计算机工程与应用 ›› 2015, Vol. 51 ›› Issue (23): 139-142.

• 数据库、数据挖掘、机器学习 • 上一篇    下一篇

基于压缩后缀数组的近似字符串匹配算法

胥永康1,杨光露2,路松峰3   

  1. 1.中国工程物理研究院 计算机应用研究所,四川 绵阳 621999
    2.河南中烟工业有限责任公司 南阳卷烟厂,河南 南阳 473007
    3.华中科技大学 计算机科学与技术学院,武汉 430074
  • 出版日期:2015-12-01 发布日期:2015-12-14

Approximate string matching algorithm based on compressed suffix array

XU Yongkang1, YANG Guanglu2, LU Songfeng3   

  1. 1.Institute of Computer Application Technology, China Academy of Engineering Physics, Mianyang, Sichuan 621999, China
    2.Nanyang Cigarette Factory, China Tobacco Henan Industrial CO., Ltd, Nanyang, Henan 473007, China
    3.School of Computer Science and Technology, Huazhong University of Science and Technology, Wuhan 430074, China
  • Online:2015-12-01 Published:2015-12-14

摘要: 近似字符串匹配是模式匹配研究领域中的一个重要研究方向。压缩后缀数组是字符串匹配、数据压缩等领域广泛使用的索引结构,具有检索速度快和适用广泛的优点。利用压缩后缀数组,提出了适合近似字符串匹配搜索算法的数据结构,并在此基础上提出了一种匹配搜索算法。实验结果表明,相对于现有的算法,提出的算法在小字母表的情况下具有计算优势。
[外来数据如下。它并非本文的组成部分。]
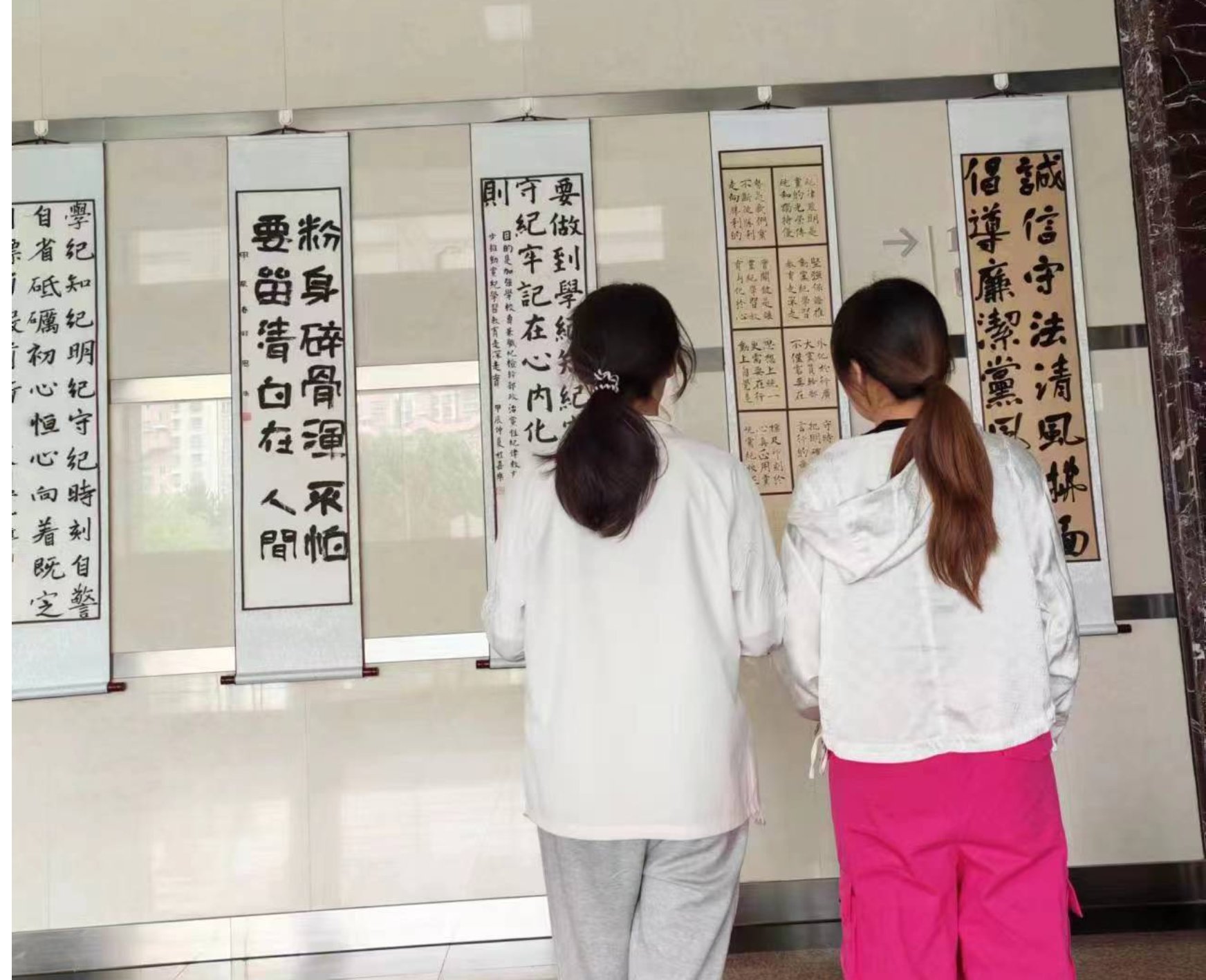 为进一步营造党纪学习教育浓厚氛围,持续巩固学习成果,汲取“尚廉洁、知荣辱、辨是非”的精神力量,在BBV·体育党委、校纪委全面推进BBV·体育廉洁文化建设浓郁氛围下,信息工程学院党总支与BBV·体育关工委在BBV·体育匠心楼一层大厅联合开展了“党纪在我心,清风伴我行”党纪学习教育专题书画展。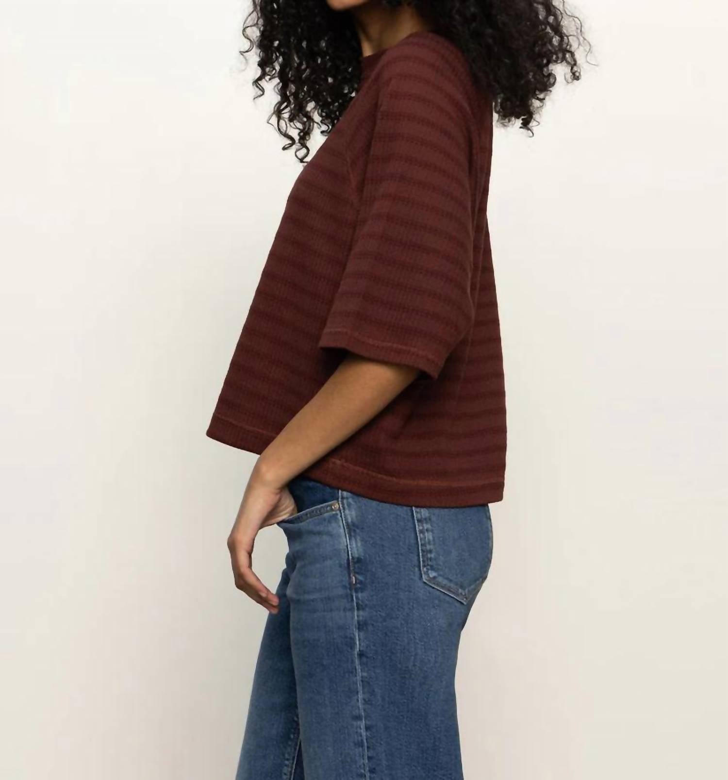 A versatile blouse that works from desk to dinner! Elevate your spring style with the Boxy Raglan Tee by Sanctuary in chicory stripe, perfect for Easter or engagement gatherings. This women's blouse features elbow sleeves and a classic crewneck, crafted primarily from polyester for a comfortable fit. Composition includes 65% polyester, 18% cotton, 14% rayon, and 3% spandex. Closure: Pull on. Care: Machine wash and lay flat to dry.

关键词: 模式匹配, 近似串匹配, 后缀数组, 压缩后缀数组

Abstract: Approximate string matching is an important issue in the research area of pattern matching. Compressed suffix array is an index structure widely used in string matching and data compression, and it has the advantage of fast retrieval and can be widely applied. In this paper, it proposes a data structure suitable for approximate string matching searching algorithm, and based on the structure, it proposes a matching search algorithm. The result of the experiment shows that compared to the current algorithms, the algorithm proposed in this paper has computing advantage when the small alphabet exists.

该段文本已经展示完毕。